Une révolution au Vatican ?

Le Vatican vient de publier les textes qui, à partir du mois de juin de cette année, présideront au fonctionnement interne de l’église. Ces textes sont marqués de la volonté de notre Pape François de poursuivre l’ « aggiornamento », la mise à jour, de l’église initiée par le concile Vatican II.

Si j’ai bien compris …
En bref (très bref!) ces textes disent que les évêques, successeurs des apôtres, ont la responsabilité de diriger l’Eglise et d’assurer la diffusion de la Bonne Nouvelle reçue du Christ. Ils agissent en collégialité synodale. Approximativement en français : ils doivent s’entendre, s’écouter, collaborer, se mettre d’accord…
Le Pape, premier d’entre eux, « Primus inter pares », a la responsabilité de présider la collégialité des évêques et d’assurer la cohésion de l’Eglise.
Pour les aider dans leur tâche, le Pape et les évêques ont à leur service une administration de 16 ministères (dicastères) dont le premier en importance est celui de l’évangélisation. La mission d’assurer le fonctionnement et la direction de ces ministères est attribuée à des chrétiens, laïques ou prêtres, choisis pour leurs compétences.

Révolutionnaire ? Oui, mais cela n’aurait jamais dû l’être.
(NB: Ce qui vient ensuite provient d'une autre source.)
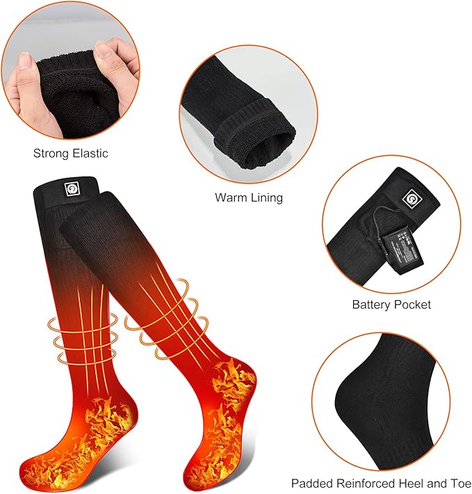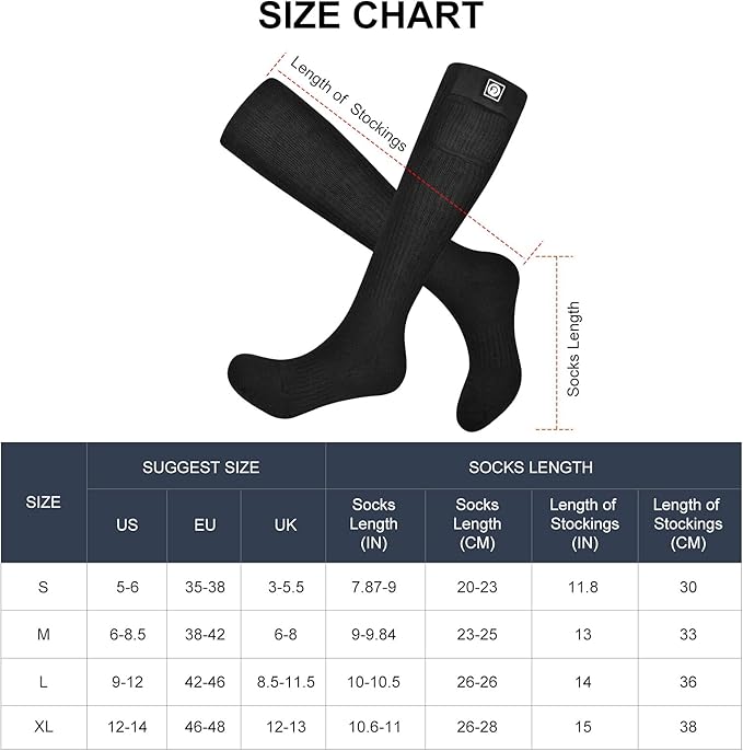 - 【Heating Elements Covers Instep and Toes Area】Rechargeable heated socks upgraded to use far infrared carbon fiber heating elements which can stimulate the blood circulation. Fast heating in 30 seconds, keep your feet warm and cozy.

L’esprit des textes qui entreront en application bientôt est, ou devrait être, tellement évident et naturel pour les chrétiens que nous sommes, qu’il est triste de voir la presse s’en faire écho avec étonnement.
Ne nous voilons pas la face, l’histoire de l’Eglise, et parfois même son histoire la plus récente, a été marquée par des comportements cléricaux aux antipodes de ce que nous aurions pu attendre de l’administration centrale de notre église. Ces comportements ont joué jusque dans la démission de certains ou le refus d’autres à habiter au sein même du Vatican.
Mais évitons de faire le procès du passé. Laissons cela aux historiens. Regardons résolument vers le futur. Ces textes sont la promesse d’un printemps, d’un renouveau qui continue. Entourons nos évêques d’une ferme sollicitude dans l’approfondissement de la synodalité de l’Eglise à laquelle nous convie de façon pressante le Pape François.
Espérons que ceux qui se sont écartés d’une église marâtre retrouveront l’amour d’une église mère.

PSAUME 125

Quand le Seigneur ramena les captifs à Sion,
nous étions comme en rêve !
Alors notre bouche était pleine de rires,
nous poussions des cris de joie ;
Alors on disait parmi les nations :
« Quelles merveilles fait pour eux le Seigneur ! »


Quelles merveilles le Seigneur fit pour nous :
nous étions en grande fête !
Ramène, Seigneur, nos captifs,
comme les torrents au désert.
Qui sème dans les larmes moissonne dans la joie :
il s’en va, il s’en va en pleurant, il jette la semence ;
il s’en vient, il s’en vient dans la joie, il rapporte les gerbes.